Fixed four-year terms backed by Business Council of Australia
Business Council of Australia chief executive Jennifer Westacott has signalled support for fixed four-year terms.
Business Council of Australia chief executive Jennifer Westacott has signalled support for a highly contentious change to fixed four-year terms in the hope it will give governments more time to advance vital economic reforms.
The proposal for fixed terms has been floated by Bill Shorten, who is challenging the government to work with him on a model that can be successfully carried at a referendum.
Malcolm Turnbull has agreed to discuss the concept with the Opposition Leader at their next meeting. Ms Westacott yesterday said the BCA was “broadly in favour” of fixed four-year terms provided there were “proper safeguards in place”.
“Although governments have undertaken serious economic reform within the constraints of a three-year political cycle, the demands of the 24/7 media cycle appear to be making this harder to achieve,” Ms Westacott said. “I hope longer fixed terms would encourage governments to broaden their horizon and move away from the short-term thinking that is holding our country back.”
NSW Labor senator Doug Cameron yesterday observed the BCA had previously identified so-called “short-termism” as one of the key problems facing the economy. “One of the ways you get away from short-termism is to have a four-year term,” he told Sky News. “And that gives you the capacity to actually push good, long-term policies.”

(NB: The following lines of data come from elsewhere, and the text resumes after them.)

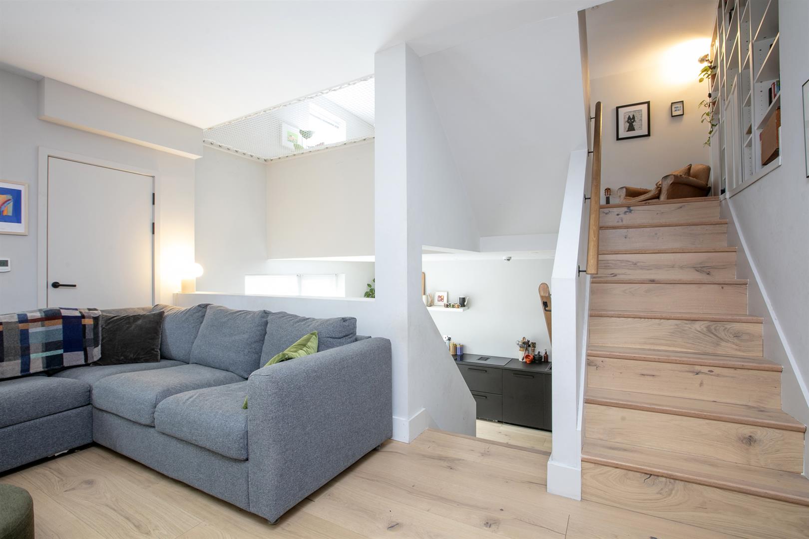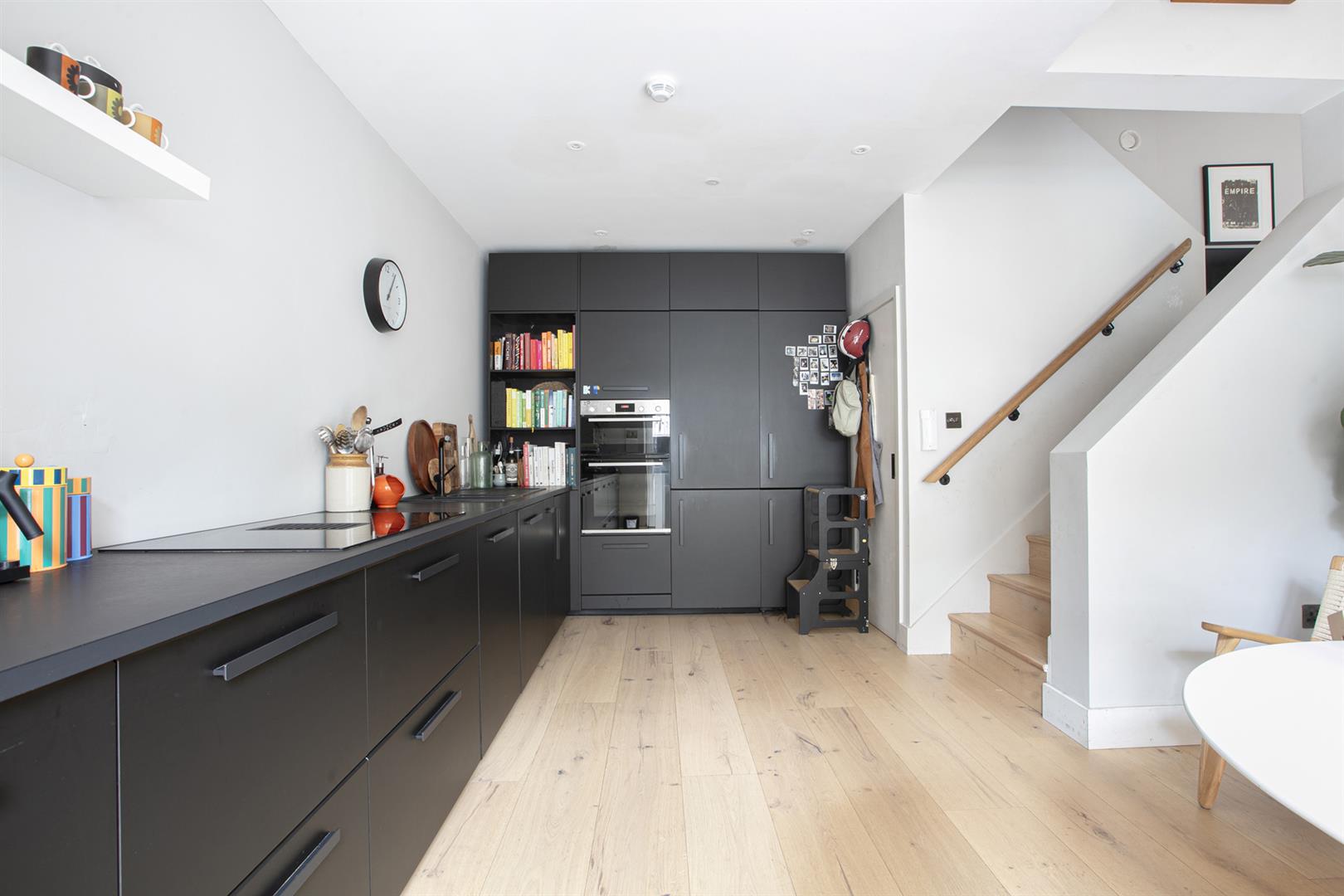 The handsome modern exterior sits behind high secure gates which open to your paved front garden. This hosts the bike and seamless bin storage. Creeping Jasmine supplies a wonderfully welcoming aroma. A further gate to the left opens to a lower front paved patio. The main reception greets you with tonnes of light and that splendid Swedish oiled oak flooring. There's a handy wc and adjoining recessed storage. An open mezzanine supplies light from above and below. Descending a half flight you meet a large kitchen/diner with sleek matt black cabinets and complimentary counters. Appliances include integrated dishwasher, fridge freezer and washing machine and there's a tumle dryer tucked into another recessed storage spot. The induction hob boasts an integrated extractor. A comfortable dining area precedes wide glass doors that open onto the lower front patio. There's even an integrated cat flap - currently used by Donut - an elegant ginger (not included in the sale).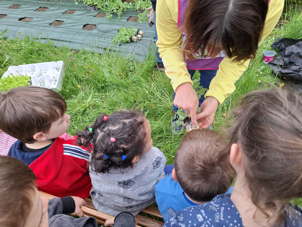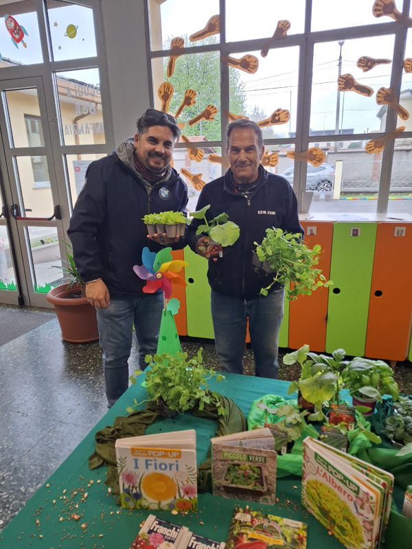 Insieme hanno piantato diverse varietà di ortaggi: zucchine, zucche, insalata, pomodori, piselli, peperoni e basilico. Un momento ricco di significato, in cui i bambini hanno potuto sperimentare direttamente il contatto con la terra, osservare le piantine e iniziare a comprenderne i bisogni.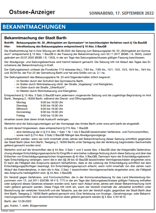 Veröffentlichungsvermerk: Die vorstehende Bekanntmachung wurde am 19.09.2022 im Internet auf der Seite www.amt-barth.de veröffentlicht.
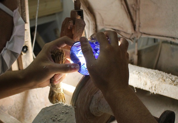 清水さんの作品の特徴は、全て伝統技法の“手磨き”であること。切子を施したガラスは、摺りガラスのように曇っているのですが、その部分を磨いて艶のある状態に仕上げる工程です。

Opinion within the Liberal Party is split, with one of the key hurdles being how Senate terms will be affected. Reform advocates have failed to agree on whether to shift to four or eight-year terms.
George Williams, a constitutional law expert at the University of NSW, has backed the case for eight-year Senate terms while Labor’s platform proposes a more radical change to embrace simultaneous fixed four-year terms for the house and Senate.
NSW Liberal David Coleman — one of the key advocates for change — has argued that four-year terms would provide greater certainty for business. He yesterday won the support of his Queensland Coalition colleague Andrew Laming, who told Sky News he was a “massive fan of four-year terms”.
“I’m more interested not in three or four-year terms, but in fixed terms. I think Australians deserve to know when an election date is,” Mr Laming said. “Sure, it helps the incumbent. But my first priority would be a fixed date.”
Tasmanian Liberal senator Eric Abetz said there was no pressing case for change, particularly given the dilemma about the length of Senate terms. “Under our Constitution, four-year House of Representatives terms would, as of necessity, require eight-year Senate terms,” Senator Abetz told Sky News. “I’m not sure that would necessarily be (an) attractive proposition to the Australian people.”
Mr Shorten yesterday continued to heap pressure on the government to support his plan, arguing there was a “real appetite for genuine reform which is bipartisan”. “Just for once in our political lives, why don’t we look at the positives of an idea before we look at the negatives,” Mr Shorten said.